Performance evaluations on three public RRSIS benchmarks demonstrate that CD2FSAN achieves state-of-the-art segmentation accuracy with competitive computational efficiency. Validation under complex remote sensing scenarios further confirms that the proposed framework maintains robust cross-modal alignment and fine-grained segmentation performance even in scenes with large scale variations, object rotations, and background interference, highlighting its practical value for real-world vision–language remote sensing applications.

2. Related Work

2.1. Referring Image Segmentation

Referring Image Segmentation (RIS) aims to localize and segment the region in an image described by a natural language expression. This task requires fine-grained semantic alignment between vision and language and has attracted increasing attention. Early RIS methods primarily relied on convolutional [17] and recurrent architectures [18] that independently encoded visual and textual inputs, followed by simple fusion operations such as element-wise multiplication or concatenation. While these approaches established the task’s foundation, their separate encoding schemes led to weak cross-modal interaction and coarse segmentation boundaries. To overcome these limitations, subsequent works introduced more sophisticated fusion and reasoning mechanisms. KWANet [19] emphasized key word awareness to assign higher importance to discriminative words in the query; CMSA [20] incorporated a cross-modal self-attention module to enhance spatial–semantic correspondence between text and visual features; BRINet [21] developed a bidirectional reasoning network to jointly infer relationships from both modalities; and LTS [14] established a strong two-stage pipeline that first localizes and then segments the target region for improved precision. Collectively, these models greatly advanced visual–language interaction and segmentation quality in natural images.

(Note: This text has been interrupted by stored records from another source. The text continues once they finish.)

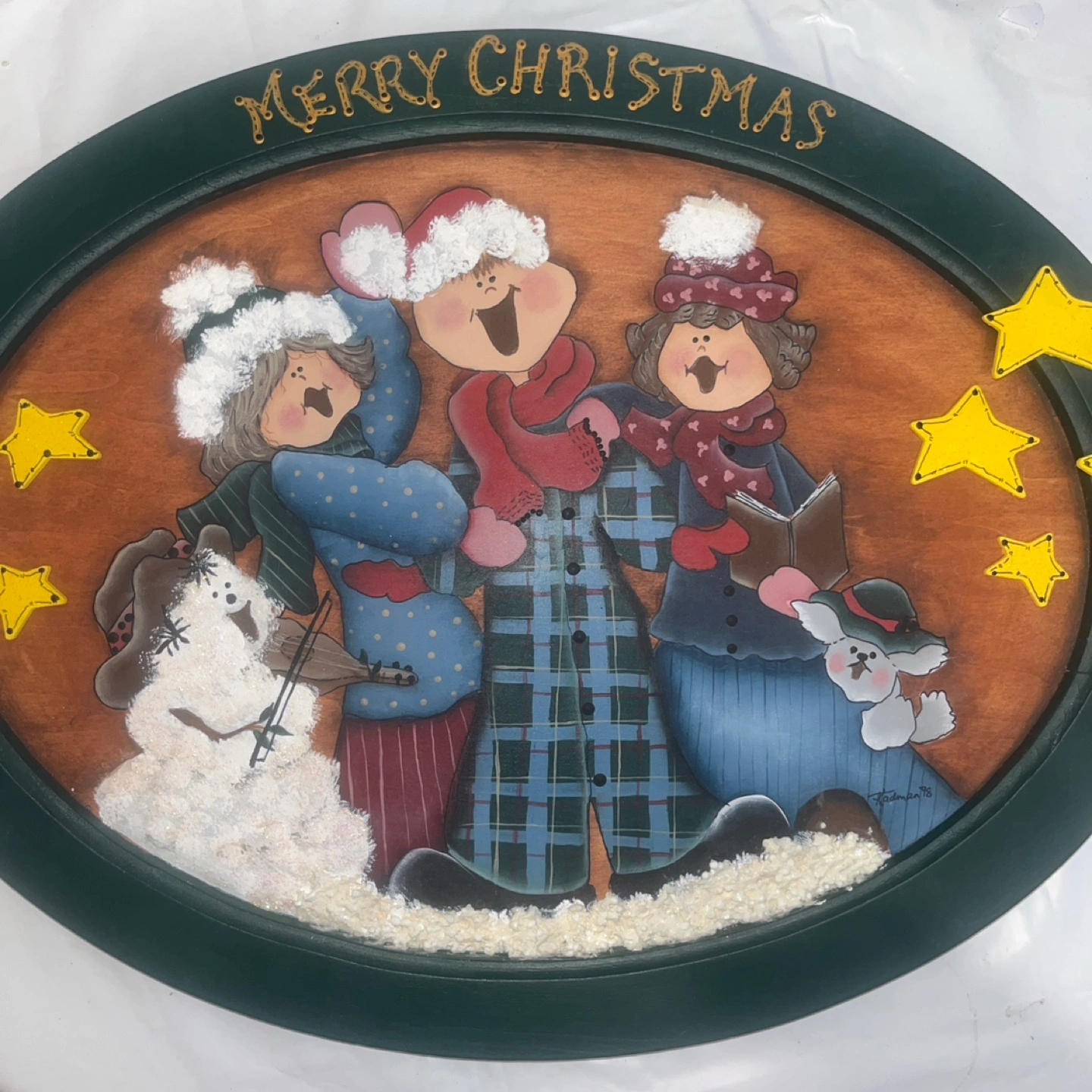 Charming hand-painted wooden plaque. Features a festive scene of carolers, a snowman, and a dog. Oval shape with a dark green frame. Yellow stars surround the image. Merry Christmas written at the top.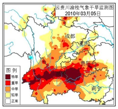 中新網(wǎng)3月5日電 中央氣象臺3月5日18時繼續(xù)發(fā)布干旱黃色預警:根據(jù)3月5日監(jiān)測,云南大部、貴州大部、四川南部和廣西西北部等地維持氣象干旱重旱等級。預計,未來三天,除云南西北部和東北部、貴州大部有小到中雨(雪)外,其它旱區(qū)基本無降水。云南大部、貴州西部、四川南部、廣西西部氣象干旱將持續(xù)發(fā)展。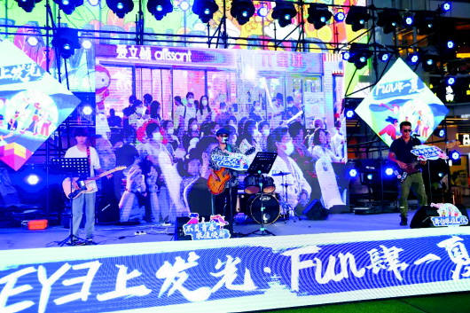 夏日和狂欢,只差一场音乐节的距离,晚上六点半,“EYE上发光 Fun肆一夏”夏日露天音乐节正式开幕,齐鲁晚报、天猫等多个平台进行同步直播。日落之际,广大朋友齐聚悦立方中心广场,伴着微风、听着音乐,惬意满满,2支本土乐队脍炙人口的金曲一首接着一首,满足每一位在场朋友的耳朵,引发集体合唱,现场掌声阵阵!同时,活动在线观看量近60万人次。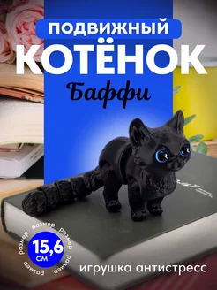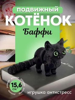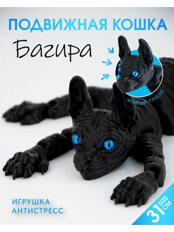 Подвижная кошка Багира антистресс-игрушка черный 31см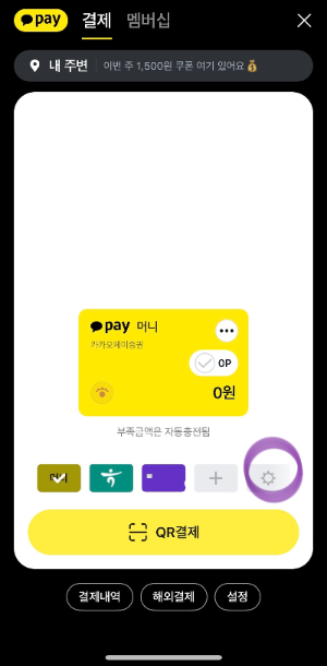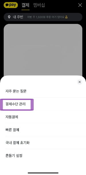 회색 톱니바퀴를 누르면 결제수단 관리 화면이 나옵니다.

With the rise of Transformers, RIS methods began leveraging joint multimodal encoding to improve feature interaction. MDETR [22] and VLT [11] proposed unified decoder-based fusion strategies. Among them, LAVT [13] has become a widely used baseline, particularly for remote sensing tasks. It employs a Swin Transformer backbone [23] and injects language-guided attention at multiple encoder stages, which enhances the alignment between linguistic expressions and salient visual regions. While its hierarchical design facilitates cross-scale fusion, LAVT tends to focus on prominent or contextually obvious targets, and often struggles with small, cluttered, or densely distributed objects due to the absence of explicit spatial modeling or geometry-aware mechanisms. ReSTR [24] and CRIS [16] adopt dual-branch Transformer encoders followed by multimodal fusion, while PolyFormer [25] and SeqTR [26] redefine RIS as sequence prediction over boundary points. Other methods like GRES [27] and CGFormer [28] apply query-based proposal matching for region grounding. Collectively, these works demonstrate how Transformer-based architectures have reshaped RIS through more expressive and flexible cross-modal reasoning. Despite this progress, most existing RIS models are tailored to natural images, where targets are typically salient, well-aligned, and semantically coherent with human language. In contrast, remote sensing imagery presents unique challenges: varied spatial resolution, cluttered backgrounds, and frequent presence of small or rotated targets. Such characteristics often degrade the performance of standard RIS models when applied to Referring Remote Sensing Image Segmentation (RRSIS). In this work, we build upon RIS advancements and propose a CLIP-guided framework with dynamic feature selection based on cross-modal information maximization and rotation-aware decoding, aiming to improve cross-modal alignment and segmentation performance under remote sensing conditions.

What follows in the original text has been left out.